Раньше, чем сгубила Пронякина казенная нерасторопность чиновников, устанавливающих нормы выработки, человек был жестоко искажен в нем бедой более страшной — одиночеством, с которым в глубине души никогда не мог примириться Пронякин и на которое он каждый раз обрекал себя своей нетерпимостью к фальши, своей бескомпромиссностью, своею лютой гордостью.

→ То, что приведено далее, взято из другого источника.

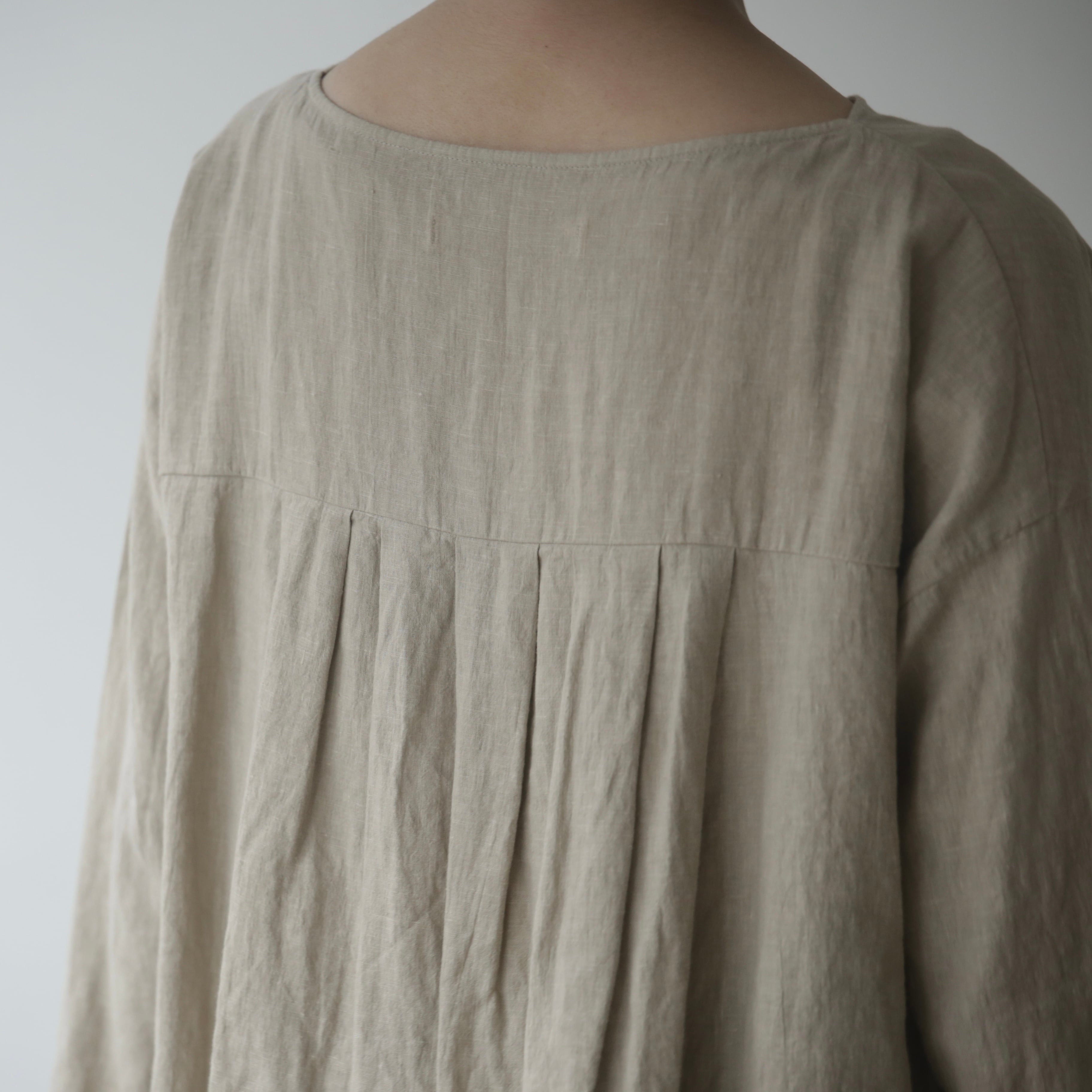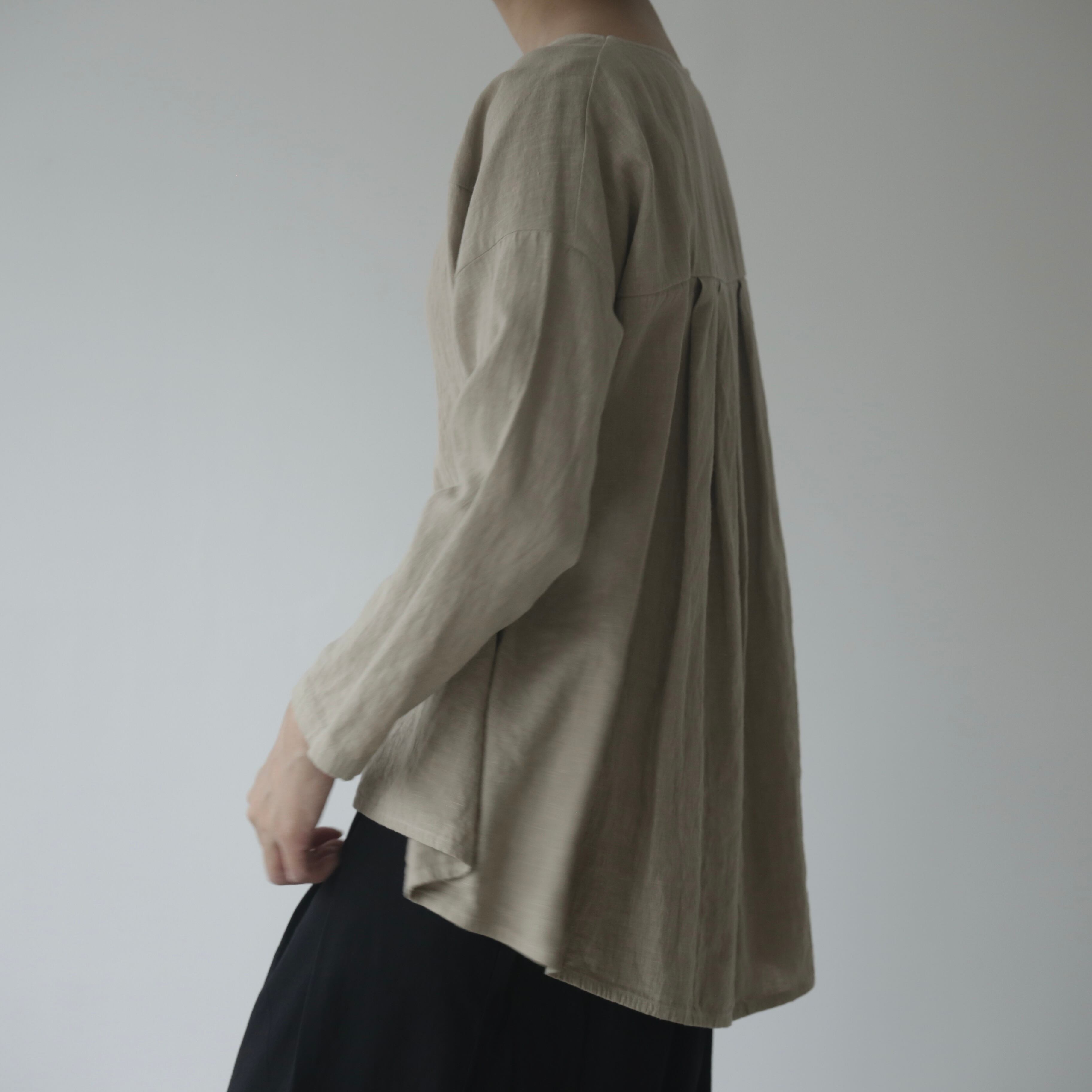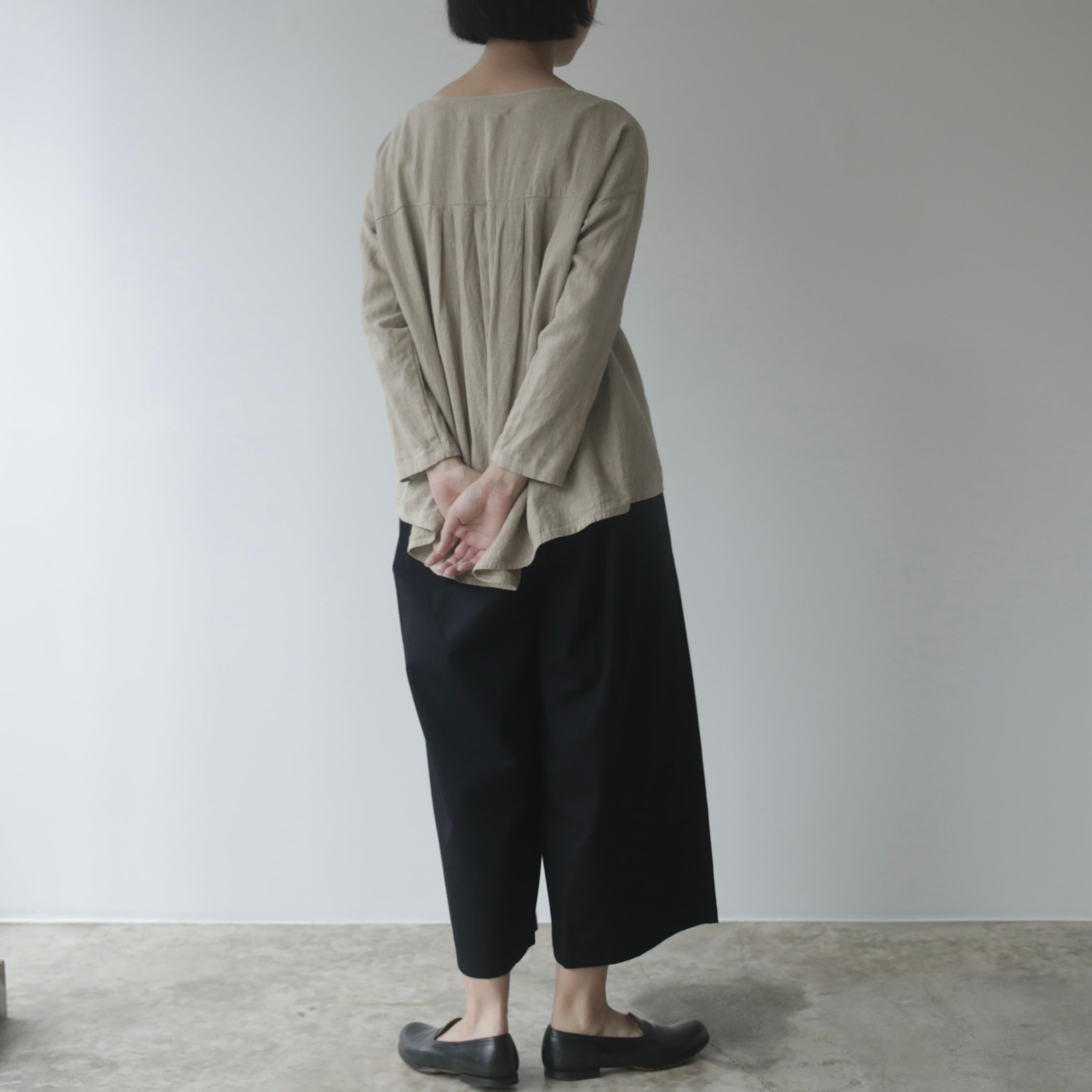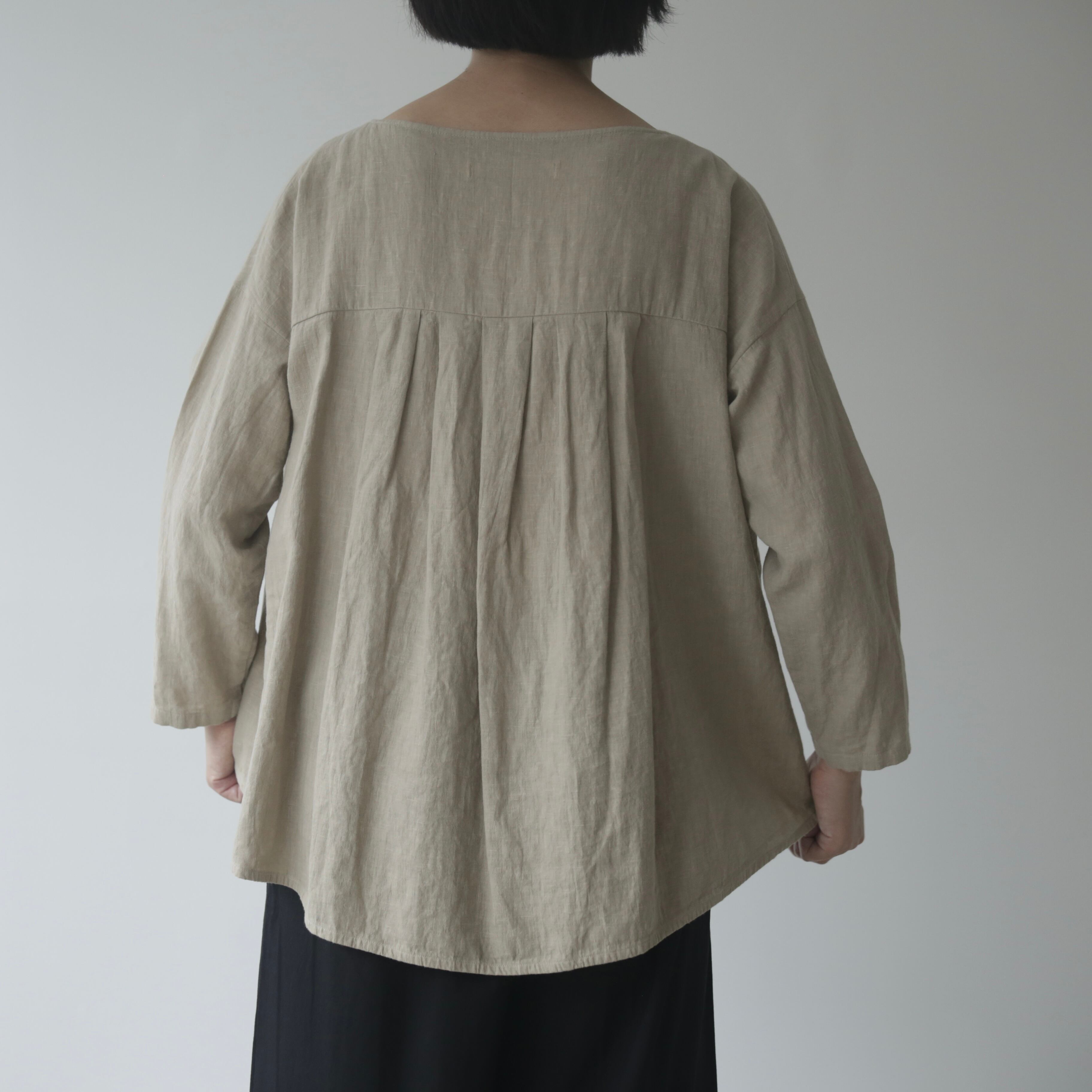 身幅・肩幅ともにゆったりとしたサイズ感で、涼しくリラックスして着ていただけます。シンプルなプルオーバーながら、後ろ身頃に施したタックが大人っぽさと可愛らしさを添えてくれます。後ろ丈は少し長めで、横から見たときに流れるようなラインを描くのも魅力。ヒップが隠れる安心感のある着丈です。

Трагедия в том, что две эти стороны его характера неразделимы, что человеческое оборачивается в нем уродливым, а бесчеловечного он бежит… Пронякин — человек, когда бурно и азартно рвет круг инерционного, механического существования, которым удовлетворяется какой-нибудь Прохор Меняйло. Реакцией на инертность таких, как Меняйло, и определяется односторонность таких, как Пронякин, — азартных, раздраженных, бескомпромиссных. Но одинокий протест Пронякина смешон и трагичен, потому что герой обкраден задолго до того, как этот протест рождается в его груди, — обкраден в главном, в жизненно важном. Пронякин, гордая личность, теряет в себе человеческое в тот самый момент, когда духовная цель его фиксируется на гипнотической точке среднедоступного комфорта. «Домик, холодильничек, машина» — здесь обрываются мечты Пронякина, здесь живое в нем подменяется тем самым вещным, механическим, инерционным, из круга которого искал человек выход.